Criticou-se a excessiva lentidão, por parte do governo, nos processos de implementação dos compromissos de campanha, firmados com relação à agenda proposta pelos movimentos sociais.
Apesar desta crítica severa, a militância partidária e social, que cresceu e se desenvolveu ao longo das últimas décadas, penetrou na administração pública, ocupando estruturas de governo e estruturas do Estado brasileiro e, a partir destes lugares, implementou uma diversidade enorme de experiências sociais, culturais e políticas, inspiradas nas vivências e propostas dos movimentos sociais.
Tais vivências e propostas tinham sua origem nos movimentos de trabalhadores e organizações populares de base, sindicais, de camponeses sem terra, de mulheres e gênero, da juventude, dos estudantes, dos povos indígenas, de atingidos por barragem, de pequenos agricultores, de grupos de direitos humanos, de grupos culturais das periferias urbanas, das lutas pela democratização da comunicação, da luta anti-manicomial, das lutas de pescadores e ribeirinhos, de populações tradicionais, de quilombolas, do movimento negro, de seringueiros, de ambientalistas, de grupos LGBT, de portadores de necessidades especiais, de grupos de terceira idade, de sem teto urbanos, de catadores de papel, de portadores de hanseníase etc
Ao longo dos dois mandatos do presidente Lula (2003-2010) foram realizadas centenas de conferências temáticas, locais, municipais, estaduais e nacionais, que reuniram milhões de pessoas em todo o país, abarcando praticamente toda a diversidade social, ao final das quais foram definidas propostas de políticas públicas, encaminhadas ao Governo Federal e propostas legislativas, encaminhadas ao Congresso Nacional.
Tais propostas se tornaram verdadeiros referenciais para a continuidade das lutas dos movimentos sociais, assim como para a continuidade do controle social sobre o Estado, exercido pelos setores populares organizados.
No interior dos diversos ministérios foram instituídos espaços e mecanismos de interlocução com populações locais, no sentido de se promover políticas públicas com a participação ativa dos grupos sociais organizados; assim como foram instituídos canais de diálogo permanente com movimentos sociais regionais e nacionais, na busca de se construir políticas públicas específicas e democratizantes, baseadas no acúmulo histórico e na legitimidade política de tais movimentos.

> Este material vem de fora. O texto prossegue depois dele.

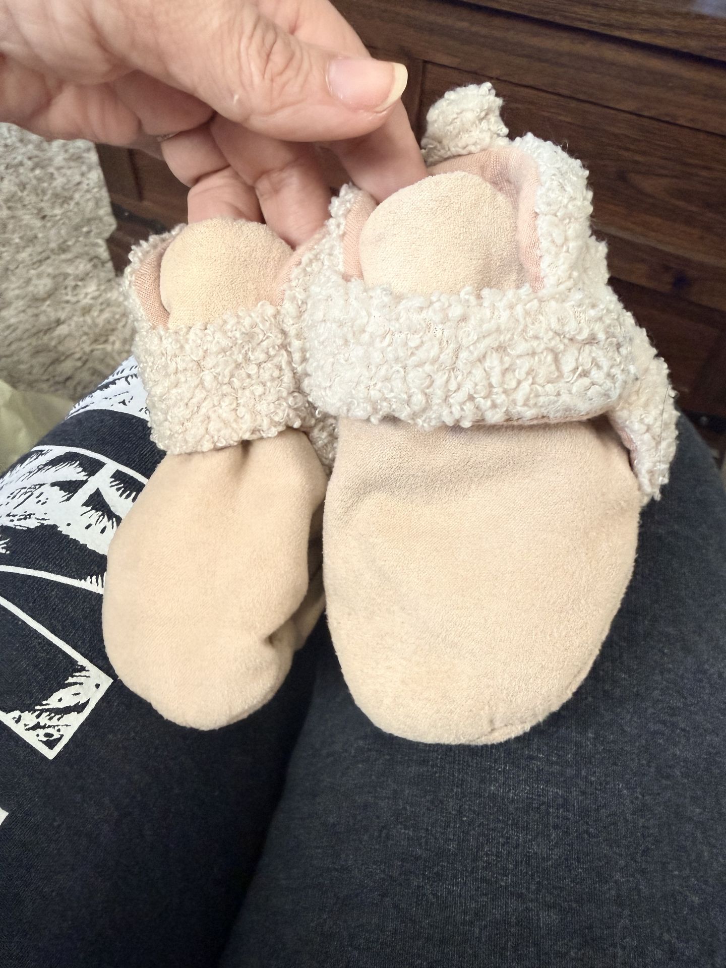 Tan pair is 3-6 month size Navy Blue/Elephant pair 12-18 month size Both in great condition and have Velcro wrap strap that keeps them on baby’s feet. $2 a pair
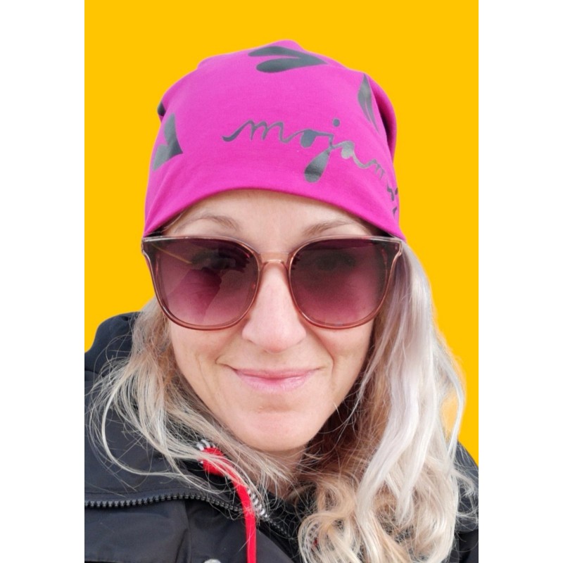 Viola (tista lepa živa) kapa s trakcem (luknja za čop), potiskana s črnimi srčki in mojamoja. Obseg (kape, ne glae...kapa se raztegne, da lepo oprime ;): 52 cm.

O próprio centro do Governo Lula, através da sua Secretaria Geral e do Gabinete Pessoal do Presidente da República, mantiveram espaços permanentes de diálogo com representantes da sociedade civil organizada, numa perspectiva de escuta de suas avaliações acerca das políticas de governo, assim como de suas críticas e sugestões para as políticas públicas.
Esta experiência tem mostrado o quanto ainda é necessário fazer para que o que está escrito na própria Constituição brasileira venha a se tornar realidade, em termos da universalização de direitos econômicos, sociais, políticos, culturais, territoriais etc
É extremamente desafiador se democratizar, de fato, o Estado brasileiro, que foi forjado, ao longo de 510 anos, com base na mais absoluta desigualdade social, na autocracia, na exclusão social, nos preconceitos e nos privilégios das oligarquias e minorias dominantes.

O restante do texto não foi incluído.